EXERCISE | Everything from the line that holds "- For the marinade, mix" through the end of the listing below must be retyped word for word, without any pictures.

DATA SEGMENT |
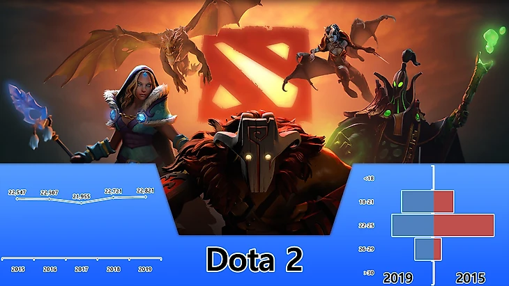 Далее у нас в списке идёт ещё одна игра от Valve. И у Доты можно заметить как схожие, так и отличающиеся детали. На первый взгляд кажется, что возраст также довольно стабилен и колеблется в рамках 22 лет, но если приглядеться, то видно, что до 2017 года средний возраст уменьшался, а после 2019 начал расти. С чем это может быть связано. По нашему мнению Дота сейчас испытывает не лучшие времена и до 2017 года в дисциплину приходило много новых игроков, которые и снижали средний возраст, но в последние года таких людей стало меньше и в связи с этим средний возраст начал расти. Также интересно и взглянуть на данные по возрастным группам. В 2015 году 65% игроков было в группе 22-25, а затем пять лет спустя распределение стало более ровным. Стало меньше игроков в 22-25, но зато значительно выросло число игроков с 18 до 21 года. Можно также заметить, что в сегменте 26-29 рост есть, но он не настолько велик, хотя казалось бы, после 5 лет как раз таки доминировавшая в 2015 группа 22-25 лет стала бы как раз этой группой 26-29 лет, но лишь некоторым «старичкам» удалось удержаться на высоком уровне.
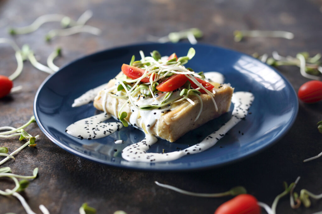 - For the marinade, mix together yogurt, garlic and dill in a bowl whisking together. Add tofu fillet pieces, refrigerate and marinade overnight.
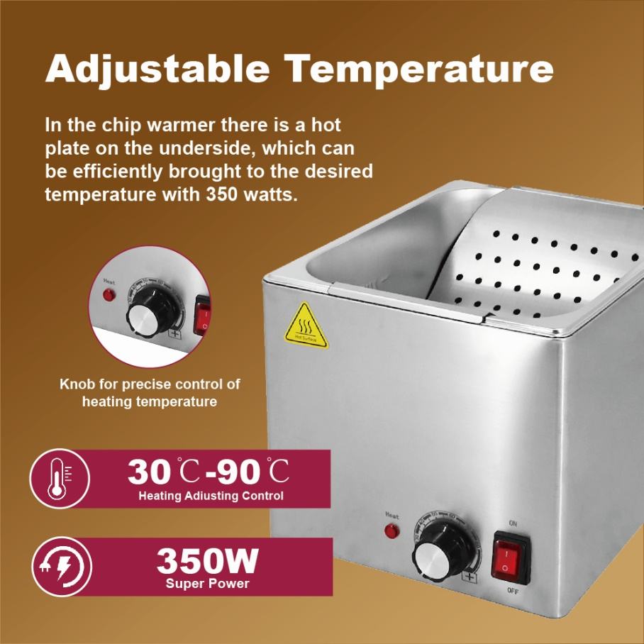 สถานีอุ่นเฟรนช์ฟรายส์สแตนเลสเชิงพาณิชย์ พร้อมที่วางอุ่นแบบปรับอุณหภูมิได้และประหยัดพลังงาน

RESULT OF THE EXERCISE |
 - For the marinade, mix together yogurt, garlic and dill in a bowl whisking together. Add tofu fillet pieces, refrigerate and marinade overnight.
 สถานีอุ่นเฟรนช์ฟรายส์สแตนเลสเชิงพาณิชย์ พร้อมที่วางอุ่นแบบปรับอุณหภูมิได้และประหยัดพลังงาน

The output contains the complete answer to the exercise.